### INFORMATION

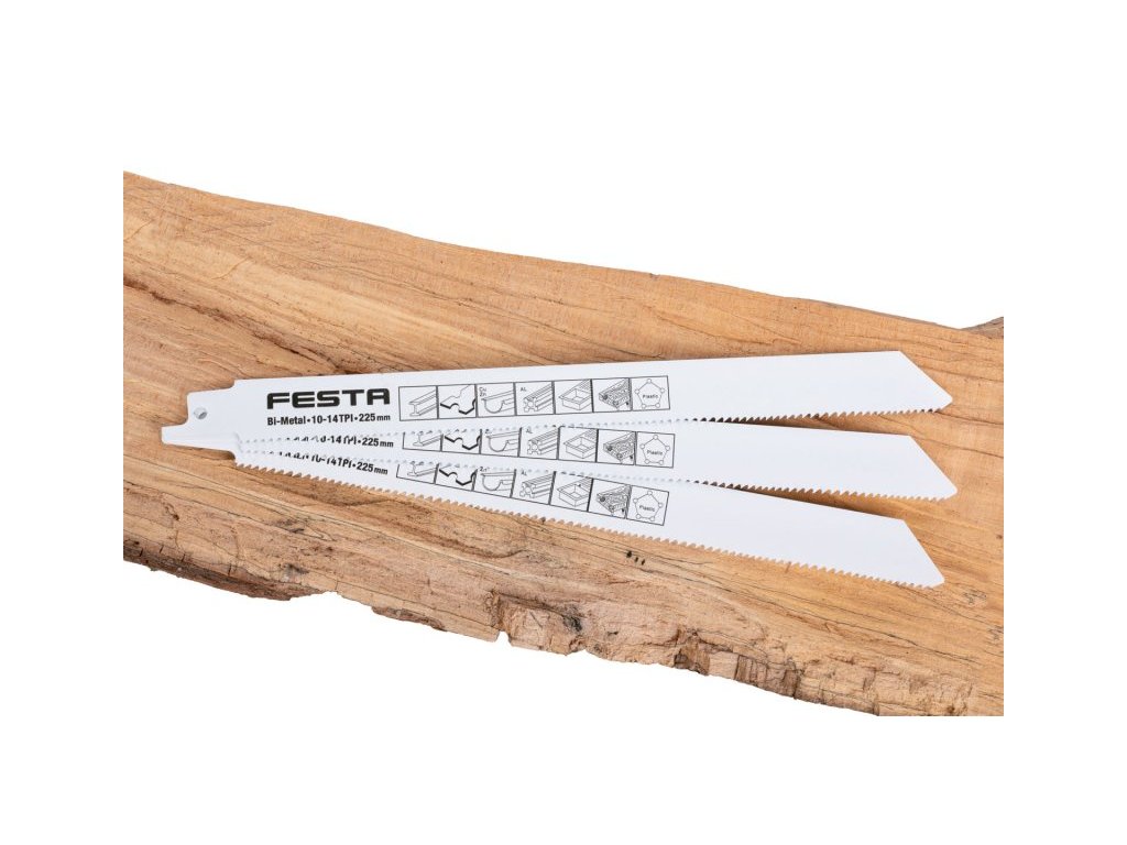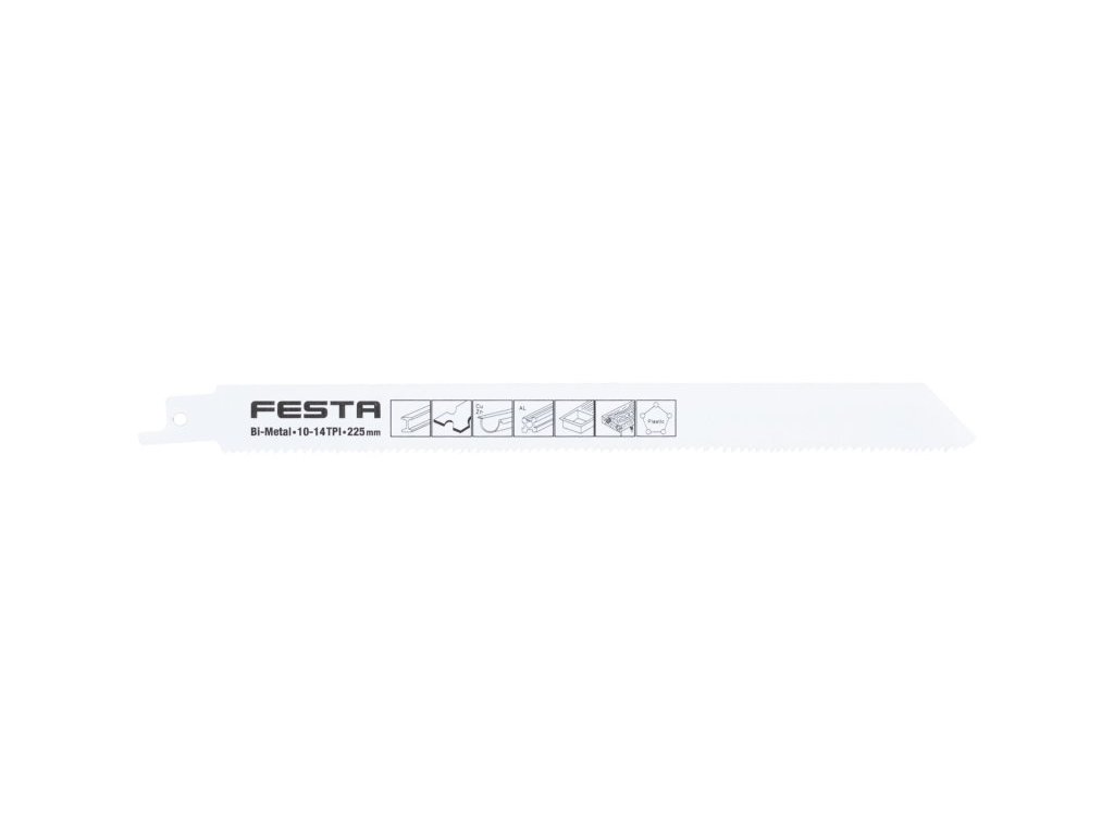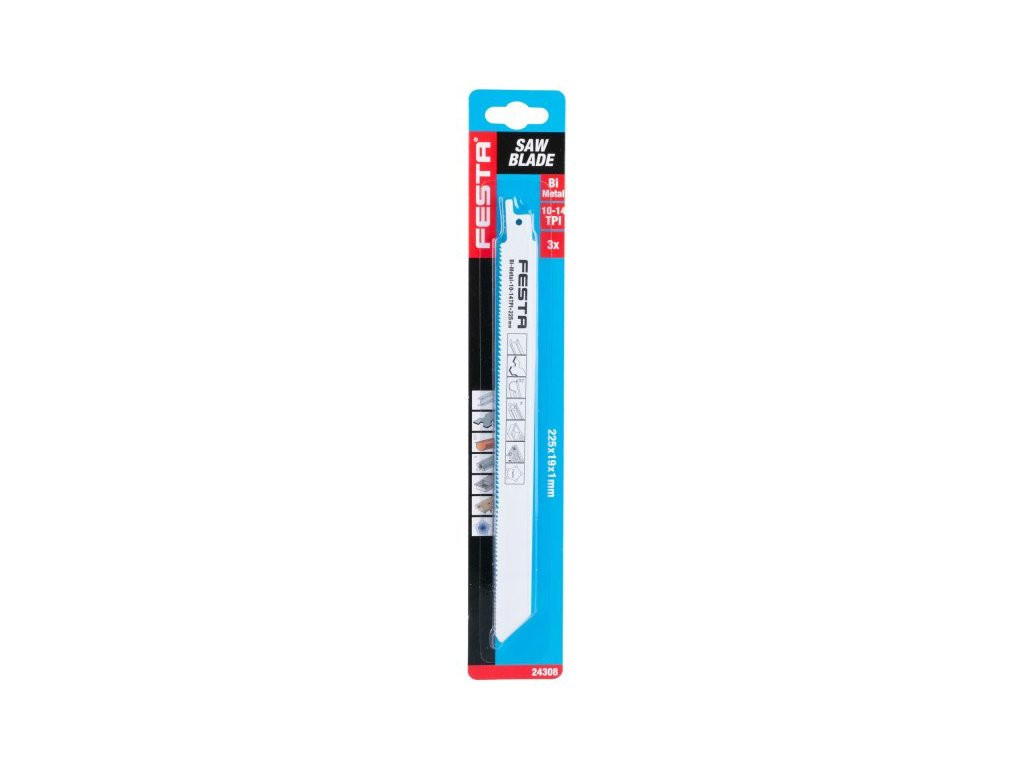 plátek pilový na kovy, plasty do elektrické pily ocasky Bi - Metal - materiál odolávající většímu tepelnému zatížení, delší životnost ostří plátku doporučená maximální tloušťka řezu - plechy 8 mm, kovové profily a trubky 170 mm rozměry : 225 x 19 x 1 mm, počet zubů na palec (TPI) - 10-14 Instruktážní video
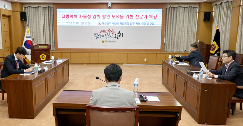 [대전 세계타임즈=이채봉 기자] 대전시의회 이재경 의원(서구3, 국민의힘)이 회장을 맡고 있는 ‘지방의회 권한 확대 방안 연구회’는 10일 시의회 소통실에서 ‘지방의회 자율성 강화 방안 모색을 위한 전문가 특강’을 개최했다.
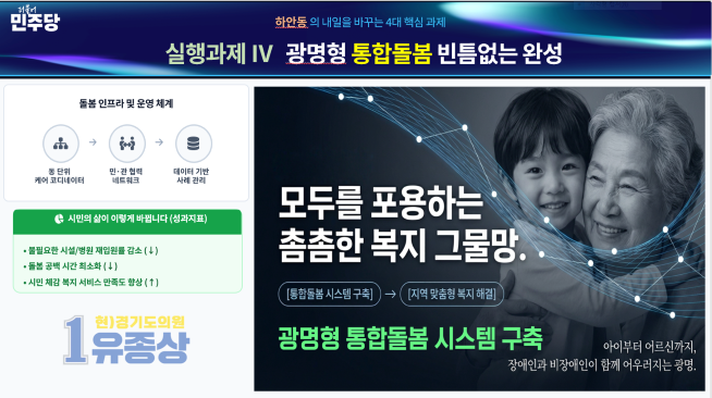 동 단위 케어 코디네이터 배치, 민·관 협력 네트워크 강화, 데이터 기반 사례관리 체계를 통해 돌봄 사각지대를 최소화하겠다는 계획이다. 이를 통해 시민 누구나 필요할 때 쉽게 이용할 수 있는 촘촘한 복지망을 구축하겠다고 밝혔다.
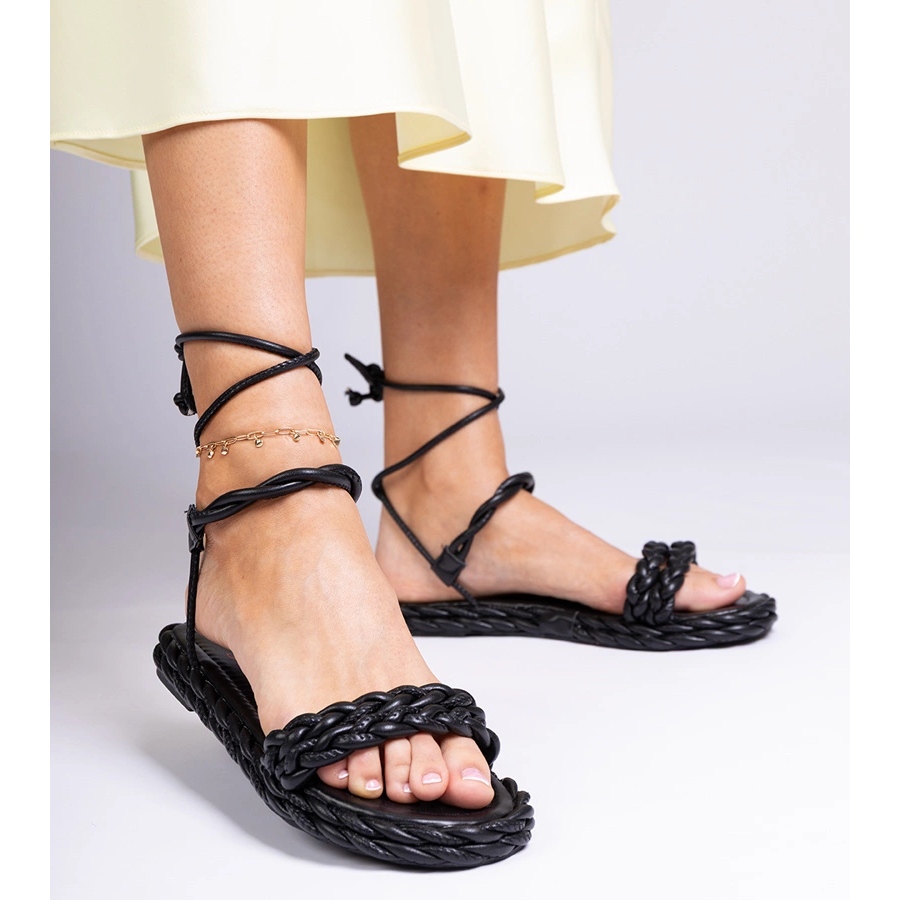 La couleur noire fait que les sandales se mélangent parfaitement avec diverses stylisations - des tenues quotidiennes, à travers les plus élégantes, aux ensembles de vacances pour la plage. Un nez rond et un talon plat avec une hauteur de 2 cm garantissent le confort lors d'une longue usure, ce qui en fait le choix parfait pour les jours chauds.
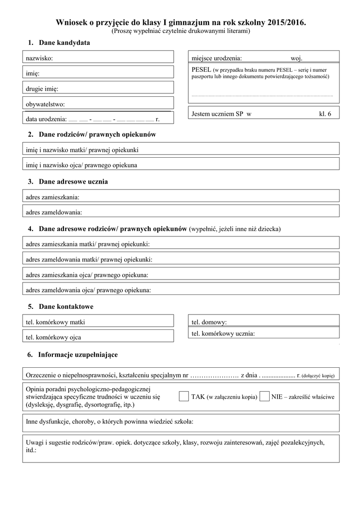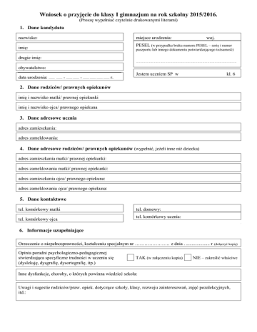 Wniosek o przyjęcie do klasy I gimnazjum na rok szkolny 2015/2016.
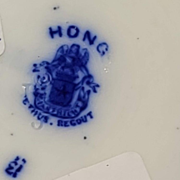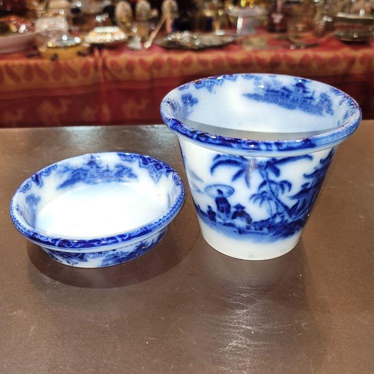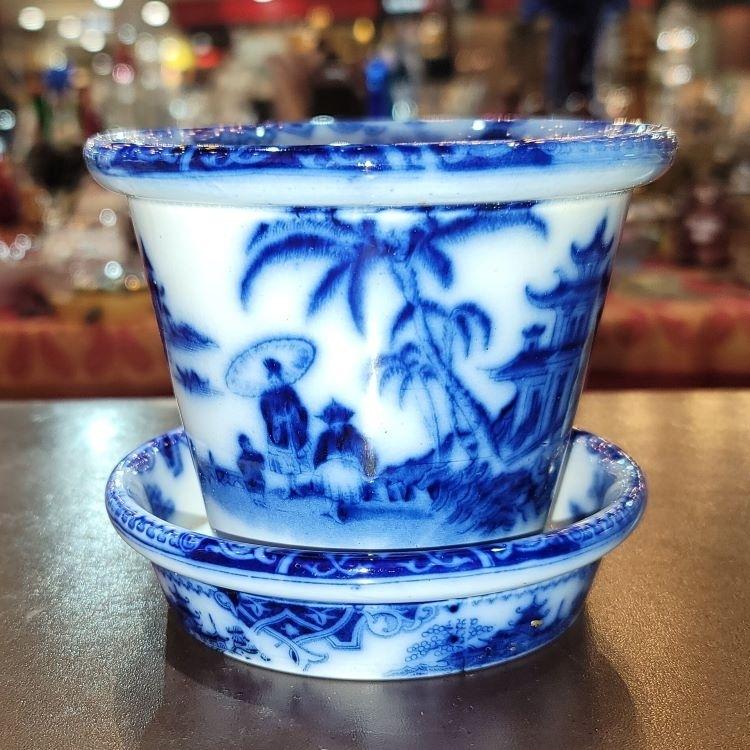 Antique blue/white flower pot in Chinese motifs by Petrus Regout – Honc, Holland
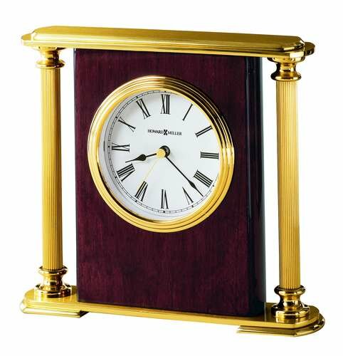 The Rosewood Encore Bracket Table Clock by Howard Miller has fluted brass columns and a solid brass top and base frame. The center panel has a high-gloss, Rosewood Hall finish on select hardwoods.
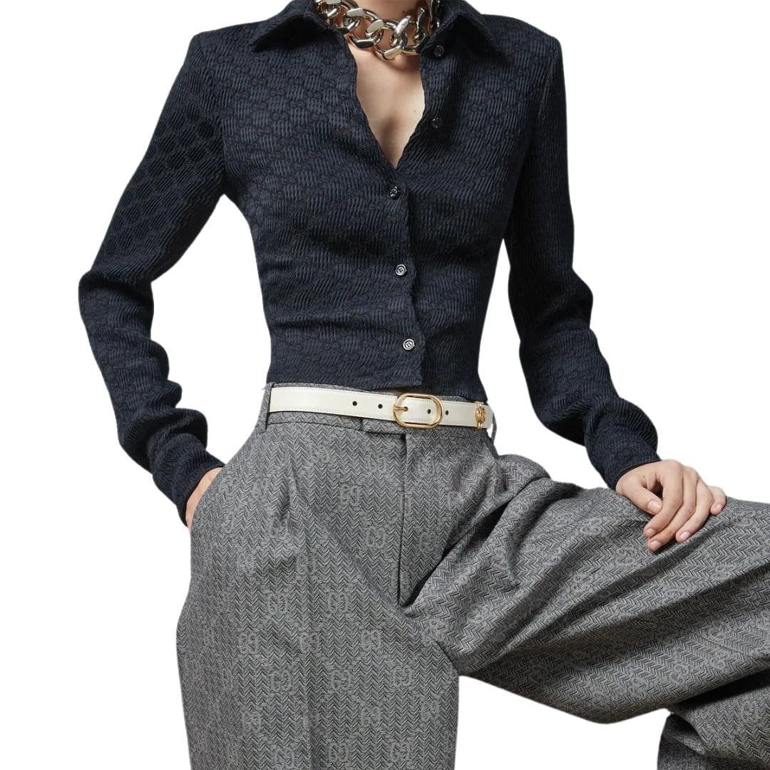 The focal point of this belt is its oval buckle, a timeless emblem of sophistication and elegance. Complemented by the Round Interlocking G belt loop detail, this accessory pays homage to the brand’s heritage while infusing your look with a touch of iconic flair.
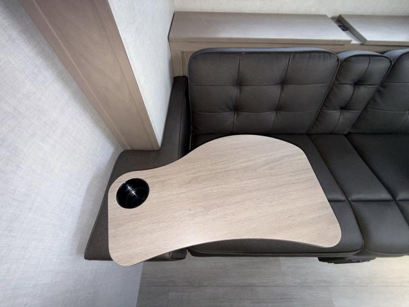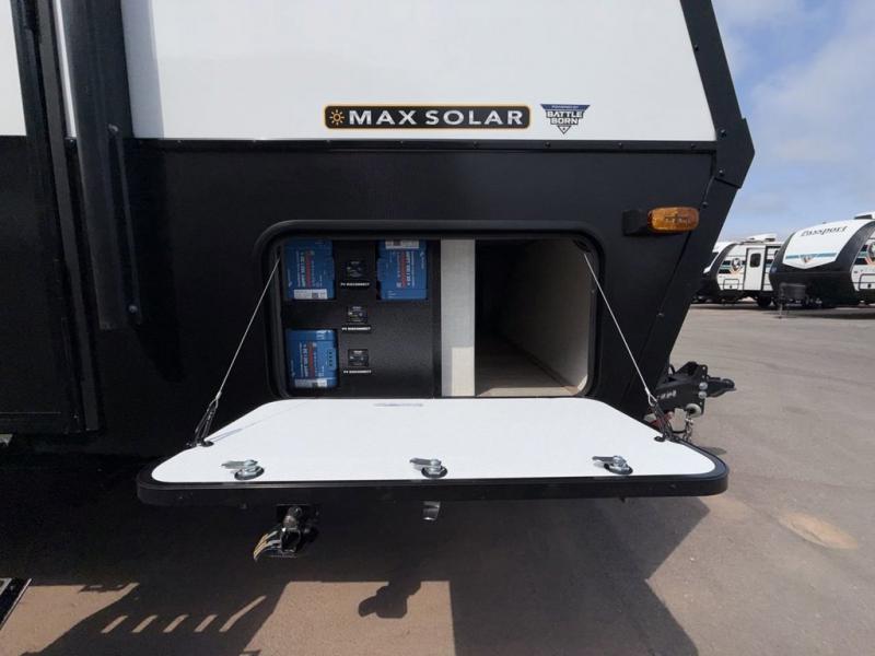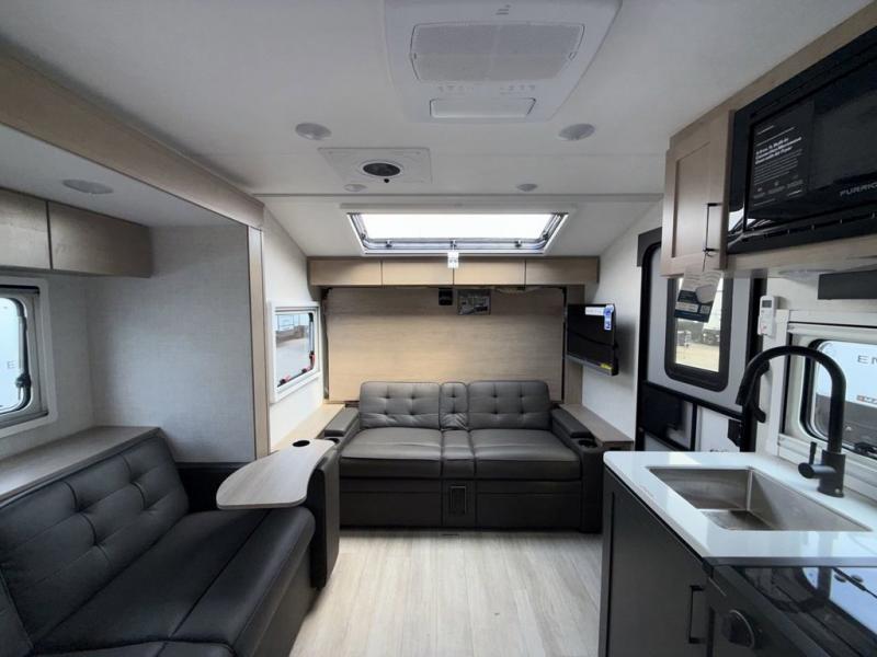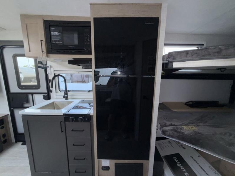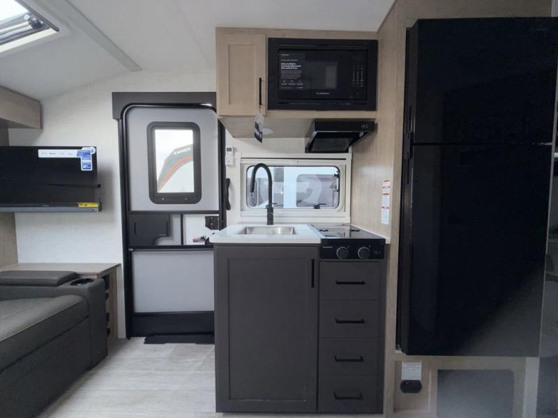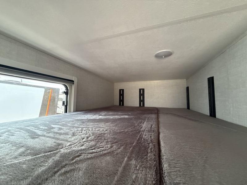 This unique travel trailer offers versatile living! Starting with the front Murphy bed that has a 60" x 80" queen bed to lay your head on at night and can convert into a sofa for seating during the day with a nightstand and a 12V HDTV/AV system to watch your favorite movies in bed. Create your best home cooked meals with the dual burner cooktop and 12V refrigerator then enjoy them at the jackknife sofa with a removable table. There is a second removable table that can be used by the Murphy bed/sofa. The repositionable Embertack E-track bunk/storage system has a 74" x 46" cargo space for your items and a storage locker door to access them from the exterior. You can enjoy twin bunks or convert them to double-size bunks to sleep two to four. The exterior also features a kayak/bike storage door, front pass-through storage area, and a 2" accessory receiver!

######

- **WHAT YOU HAVE TO DO**
Before printing the records again, strip out the pictures; change nothing else.

- **RESPONSE AREA**
 plátek pilový na kovy, plasty do elektrické pily ocasky Bi - Metal - materiál odolávající většímu tepelnému zatížení, delší životnost ostří plátku doporučená maximální tloušťka řezu - plechy 8 mm, kovové profily a trubky 170 mm rozměry : 225 x 19 x 1 mm, počet zubů na palec (TPI) - 10-14 Instruktážní video
 [대전 세계타임즈=이채봉 기자] 대전시의회 이재경 의원(서구3, 국민의힘)이 회장을 맡고 있는 ‘지방의회 권한 확대 방안 연구회’는 10일 시의회 소통실에서 ‘지방의회 자율성 강화 방안 모색을 위한 전문가 특강’을 개최했다.
 동 단위 케어 코디네이터 배치, 민·관 협력 네트워크 강화, 데이터 기반 사례관리 체계를 통해 돌봄 사각지대를 최소화하겠다는 계획이다. 이를 통해 시민 누구나 필요할 때 쉽게 이용할 수 있는 촘촘한 복지망을 구축하겠다고 밝혔다.
 La couleur noire fait que les sandales se mélangent parfaitement avec diverses stylisations - des tenues quotidiennes, à travers les plus élégantes, aux ensembles de vacances pour la plage. Un nez rond et un talon plat avec une hauteur de 2 cm garantissent le confort lors d'une longue usure, ce qui en fait le choix parfait pour les jours chauds.
 Wniosek o przyjęcie do klasy I gimnazjum na rok szkolny 2015/2016.
 Antique blue/white flower pot in Chinese motifs by Petrus Regout – Honc, Holland
 The Rosewood Encore Bracket Table Clock by Howard Miller has fluted brass columns and a solid brass top and base frame. The center panel has a high-gloss, Rosewood Hall finish on select hardwoods.
 The focal point of this belt is its oval buckle, a timeless emblem of sophistication and elegance. Complemented by the Round Interlocking G belt loop detail, this accessory pays homage to the brand’s heritage while infusing your look with a touch of iconic flair.
 This unique travel trailer offers versatile living! Starting with the front Murphy bed that has a 60" x 80" queen bed to lay your head on at night and can convert into a sofa for seating during the day with a nightstand and a 12V HDTV/AV system to watch your favorite movies in bed. Create your best home cooked meals with the dual burner cooktop and 12V refrigerator then enjoy them at the jackknife sofa with a removable table. There is a second removable table that can be used by the Murphy bed/sofa. The repositionable Embertack E-track bunk/storage system has a 74" x 46" cargo space for your items and a storage locker door to access them from the exterior. You can enjoy twin bunks or convert them to double-size bunks to sleep two to four. The exterior also features a kayak/bike storage door, front pass-through storage area, and a 2" accessory receiver!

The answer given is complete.